The following constitute the provision of services within the meaning of Article 18, § 1, paragraph 2, 7° of the Code:
- the transfer or concession of the right to perform in public a theatrical or other work (see no. 329, c). This is the case even if the assignor or licensor makes available to the assignee or licensee the equipment necessary for the performance (Revue de la T.V.A. n ° 25, p. 145, n° 562);
- the execution of so-called “lay-out” services. Since the so-called “lay-out” services consist of the original creation of drawings, layouts and decorative motifs for books and printed matter, their execution must be considered as a transfer of copyright or as the granting of licenses(Revue de la T.V.A. n° 25, p. 146, n° 563);
- the assignment or concession of a copyright within the framework of a publishing contract.
However, Article 44, § 3, 3°, of the Code exempts contracts for the publication of literary and artistic works concluded by authors or composers (see n° 329/2 and below).
We are of the opinion that the “lay out” services do not cover NFTs whose sale is in rule of the material property only (delivery of goods) and whose copyrights are not (con)transferred by the creator to the (re)sellers (no joint service therefore).
It remains creator of values according to us, for the artist/(re)salesman that for the purchaser (future retailer in rule) of DISCOVER:
- The delivery of the physical (digital) asset that the NFT represents; and
- The rights of its author (in particular of reproduction and diffusion to the public).
Special agreements (“sui generis”) can thus be drawn up between the parties to first isolate, and then share, these different copyrights between the parties, both at the time of the sale and at the time of subsequent resales.
Rates
As for the VAT rate applicable to such a transaction, item XXIX of Table A annexed to Royal Decree No. 20 of July 20, 1970, fixing the rates of value added tax and determining the distribution of goods and services according to these rates, is worded as follows:
“XXIX. Copyrights; performance of concerts and shows.
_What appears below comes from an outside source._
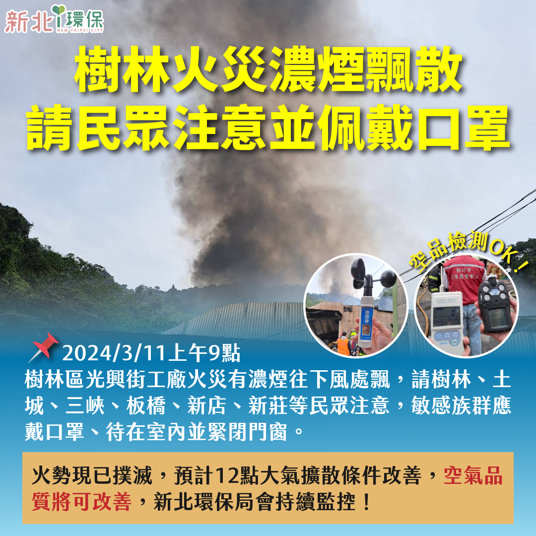 環保局9點52分已透過大氣模擬預測有濃煙往下風處飄散,預估樹林區、土城區、三峽區、新店區、板橋區、新莊區受影響,並在10時已透過社群與網路機制,通報民眾、里長、在地議員、區公所與相關局處,協助提醒民眾注意防範。(

Assignments and concessions of copyrights, with the exception of those relating to computer programs.
The provision of services for the performance of theatrical, choreographic, musical, circus, music hall or artistic cabaret works and similar activities, which are part of the normal activity of actors, conductors, musicians and other artists, even if these services are provided by a legal person, a de facto association or a group.
Excluded from this heading are services relating to advertising.
For these operations, the VAT will be calculated at the rate of6%.
It should be noted that Royal Decree 20 stipulates that this 6% rate applies to the transfer and granting of copyrights, with the exception of those relating to computer programs. For the latter operations, the rate of 21% will be applicable.